The present invention relates to a composition for preventing and treating diabetes mellitus, obesity or hyperlipidemia due to alpha-glucosidase inhibitory activity containing pine bark extract or pine needle extract as an active ingredient. To 8 to 11, preferably adjusted to pH 10 and extracted with stirring, and then adjust the pH of the extract again to 2 to 4, preferably pH 3 and centrifuged to recover the precipitate, the ethanol to the precipitate After centrifugation, the supernatant was concentrated under reduced pressure, hexane was added to the concentrate, followed by shaking. The hexane layer was removed, and the remaining solution was lyophilized to obtain a light brown to brown powder. It is preferable to use bark or pine needles as the pine ground part. Compared with the conventional ethanol extraction method, the extraction method is economical because the amount of the organic solvent used is reduced, and unlike the conventional water extraction method, it is economical and convenient because it is extracted only by adjusting the pH without heating. to be.

In the present invention, the ground portion of pine, preferably bark or pine needles, is obtained using light brown to brown powder using 50-100% ethanol, which is a conventional method.

In the present invention, the pine is red pine (赤松, Korean or Japanese red pine, Pinus densiflora ), hongsong (紅松, Pinus koraiensis ), sea pine (海松, Korean or Japanese black pine, Pinus thunbergii ), Rigida ( Pinus rigida ), white pine ( Pinus bungeana ), Pine ( Pinus koraiensis Sieb. Et Zucc .), Pine ( Pinus parviflora ), Pine ( Pinus pumila ), Dafurian lartz . Dahurian Larch.Pinus tabulaeformis carr , Pinus massoniana Lamb , Pinus pumila (Pull) Regel, Pinus unnanensis It is any one selected from the group consisting of Franz ( Pinus YunnanensisFranch ). Preferably, red pine (赤松, Korean or Japanese red pine, Pinus densiflora ), red pine (紅松, Pinus koraiensis ), sea pine (海松, Korean or Japanese black pine, Pinus thunbergii ) Rigi ( Pinus rigida ), white pine ( Pinus bungeana ), Pine tree ( Pinus koraiensis Sieb. Et Zucc. ), Pine tree ( Pinus parviflora ), and pine tree ( Pinus pumila ) are any one selected from the group.

In order to investigate the specificity of alpha-glucosidase, pine extracts obtained as described above are involved in carbohydrate metabolism, alpha-amylase, pancreatic alpha-amylase, and yeast-derived alpha. As a result of investigating the inhibitory activity of -glucosidase, it was first identified that the extract exhibited a specific hypoglycemic activity against each enzyme and thus had a hypoglycemic effect.

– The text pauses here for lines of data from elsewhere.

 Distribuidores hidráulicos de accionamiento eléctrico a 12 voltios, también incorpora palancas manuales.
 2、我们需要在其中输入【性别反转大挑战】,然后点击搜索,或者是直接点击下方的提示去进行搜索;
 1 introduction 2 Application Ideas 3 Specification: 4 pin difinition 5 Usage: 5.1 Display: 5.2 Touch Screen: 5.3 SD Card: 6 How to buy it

In the pharmaceutical use of the extract of the present invention, it can be prepared by methods known in the pharmaceutical art, and can be used in the form of tablets, capsules, powders, solutions, suspensions and the like using appropriate excipients. In addition, the extract of the present invention may be used as a functional food in addition to food.

Hereinafter, the present invention will be described in detail by way of examples, but the scope of the present invention is not limited thereto.

Example 1 Extraction of Pine Trees

The extract was obtained by the extraction method according to the present invention by adding water to the ground part of red pine in pine and adjusting the pH to extract the extract, and extracting by conventional ethanol extraction method.

Experimental Example 1: Extraction using water of pine bark or pine needles according to the present invention

After adding 10 times the amount of water to dried and crushed pine (red pine) bark or leaves, sodium hydroxide (NaOH) was added while stirring to adjust the pH to 10, and then extracted by stirring at room temperature for 6 hours. Hydrochloric acid (HCl) is added to the obtained extract, the pH is adjusted to 3, and the precipitate is recovered by centrifugation. Suspended by adding 5 times the weight ratio of ethanol to the obtained precipitate, and concentrated the concentrated supernatant under reduced pressure, and then added the same amount of hexane to the concentrate to remove the supernatant and freeze-dried the lower layer liquid to light brown to brown powder Get

In the extraction method using water, the pH adjustment of the extraction solution becomes an important factor, and the extraction efficiency of the enzyme inhibitor is significantly reduced under the condition of pH 8 or less, characterized in that the extraction is performed by adjusting the pH of the extraction solvent to 8.0 or more. Compared with the conventional extraction method, the extraction method is reduced in the amount of ethanol used, there is no need for a separate heating process has the advantage that the extraction cost is reduced.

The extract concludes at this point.